De la ANC no se saca ni gloria ni dinero. Por eso, con muy buen criterio, el señor Llach no empezó a pagar sus cuotas de afiliado hasta que aspiró a controlar el cotarro. Estamos ante un hombre ahorrador cuya fundación está registrada en Madrid porque era más barato que en Cataluña.

¿Qué le mueve, pues, a seguir perdiendo el tiempo en la ANC? ¿No será que no tiene nada mejor que hacer y que siempre es mejor dirigir un chiringuito, sea cual sea su estado de decadencia, que supervisar obras públicas o reunirse con otros jubilators a jugar a la petanca?

Hay quien se carga al Llach activista, pero respeta al Llach cantautor. Yo no soporto a ninguno de los dos. Musicalmente, siempre me pareció un cursi que a veces acertaba (La casa que vull era una canción muy bonita), y su voz de cabrita me sacaba de quicio. Hizo mucho daño como cantautor, e hizo todo el que pudo como activista. Pero, finalmente, ¿qué ha sacado del activismo antiespañol más que sinsabores y decepciones?

Debería aprender de otros odiadores catalanes que sí han mostrado método a la hora de intentar dañar al país vecino. Pensemos en Mikimoto (Miquel Calçada, antes Calzada), infiltrado en el consejo de RTVE y dedicado todo el día a urdir planes lesivos para el coeficiente de inteligencia de catalanes y españoles. El hombre se ha ido a Madrid a joder la marrana (con perdón) y, para mayor alegría conceptual, su abultado sueldo se lo pagamos con nuestros impuestos todos los ciudadanos de este país.

De todos modos, el señor Calzada no pasa de espabilado aprendiz si lo comparamos con un auténtico genio del mal que ha sabido canalizar su odio a España (y a Cataluña) de una manera muy rentable: el ex trinco Josep Maria Mainat, que primero nos idiotizó con su grupito de pop garrulo y chistoso (con una poca gracia que no se había vuelto a ver hasta que apareció Peyu con su humor prepaleolítico), y luego, al frente de una productora malvada, a inundar las televisiones públicas y privadas con sus concursos y sus reality shows, con los que pretendía culminar el proceso de cretinización emprendido con La Trinca.

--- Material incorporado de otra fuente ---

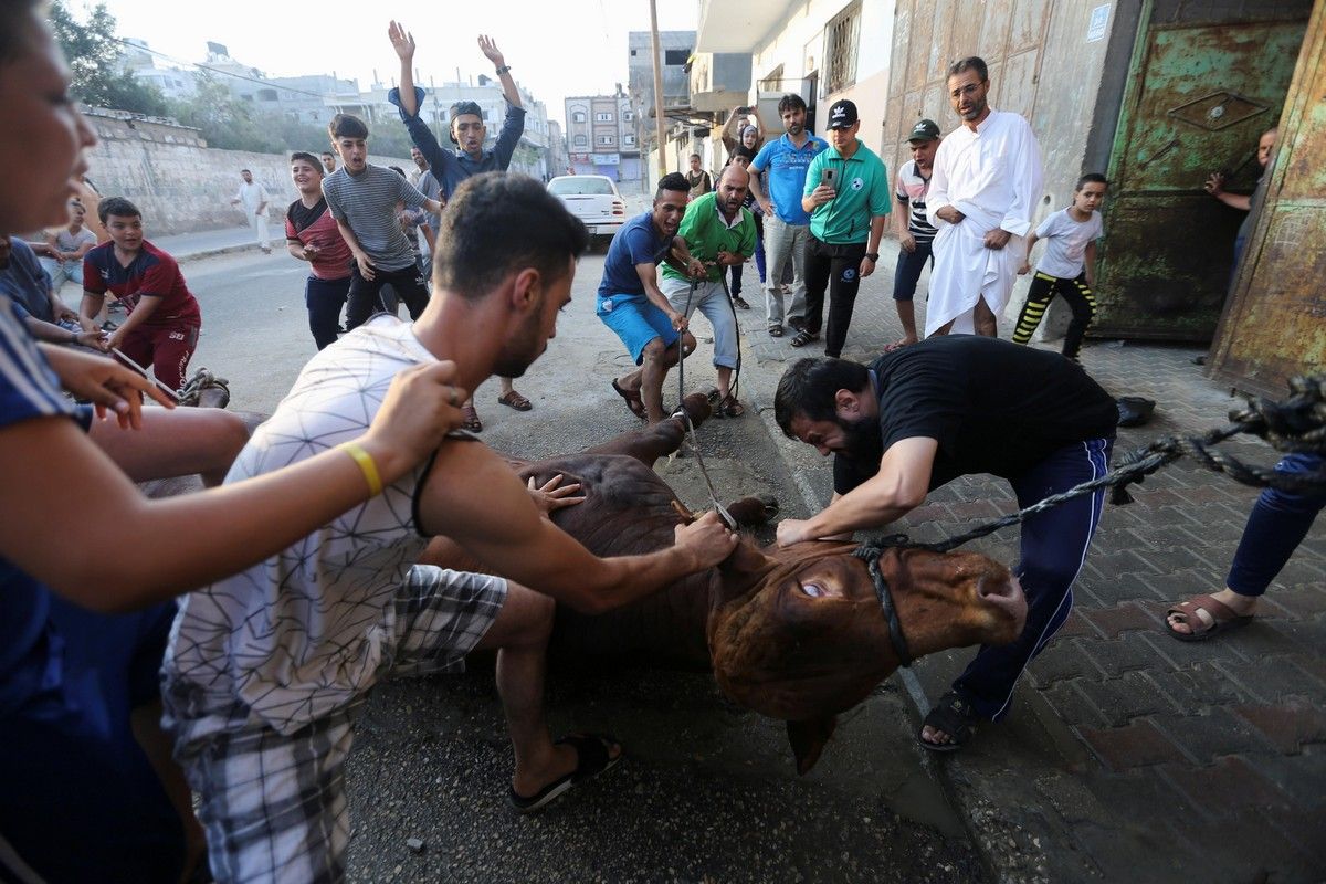 Кульминацией праздника в некоторых странах является ритуальное жертвоприношение.Городские улицы краснеют, когда обезглавленных коров и коз волокут по улицам, в то время как тысячи верующих наблюдают кровавый ритуал.Родственники соберутся на торжества и обменяются подарками, открытками и деньгами, а также пожертвуют на благотворительность.Верующим не полагается ничего есть, пока они не вернутся с молитвы.Некоторые мусульмане также отправятся в Мекку и окрестности Саудовской Аравии, чтобы совершить Хадж - паломничество, которое является одним из пяти столпов ислама.Согласно Корану, Авраам был готов принести в жертву своего сына Измаила в последнем акте веры.В то время как он находится в отчаянии из-за этого решения, его сын поручил своему отцу уважать волю Аллаха.И когда они оба стоят на горе Арафат, а Авраам готов перерезать горло своему сыну, ангел Гавриил сказал ему, что он уже продемонстрировал свою любовь к Аллаху.Вместо мальчика был зарезан козел, и современные мусульмане копируют этот акт, убивая подобных животных.Мусульмане верят, что, убивая животных и разделывая их трупы, они напоминают себе, что не должны отвлекаться на материальные блага и должны вместо этого преданно служить Аллаху.Животных разрезают на три части, одну из которых отдают бедным и голодным, вторую - друзьям семьи или родственникам, а третью - семье, которой принадлежало животное.Противоречивая традиция соблюдается во всем мире, по разным правилам в зависимости от страны.

Mikimoto y Mainat son gente con método que sabe monetizar su odio al país vecino (y al propio, diría yo). Comparado con ellos, l´avi Lluiset es un pringado, un piernas, un pelacañas que supo lucrarse en su primera encarnación, pero fracasó en la segunda a la hora de hacerlo.

Desde un punto de vista español (y de cualquier defensor de los derechos humanos), hay que reconocer que los señores Calzada y Mainat resultan mucho más nocivos para la ciudadanía que el pobre Llach, cuya capacidad de incordiar se ve reducida a esos discursos que suelta de vez en cuando y en los que siempre se muestra muy contrariado.

Hace unos años nos urgió a ganar la independencia, aduciendo que ya tenía una edad y que, a este paso, se moriría sin verla y disfrutarla. Ya le digo yo que no la va a ver, ¿pero no sería mejor retirarse al pueblo y esperar dignamente lo inevitable? Hay gente más joven que le podría suceder al frente de la ANC. No sé, Santiago Espot, Alonso Cuevillas, Jair Domínguez, el primario Graupera…¡Hasta Peyu!

Derrótate ya, hombre. Y piensa que en el Senegal falta gente (con pasta).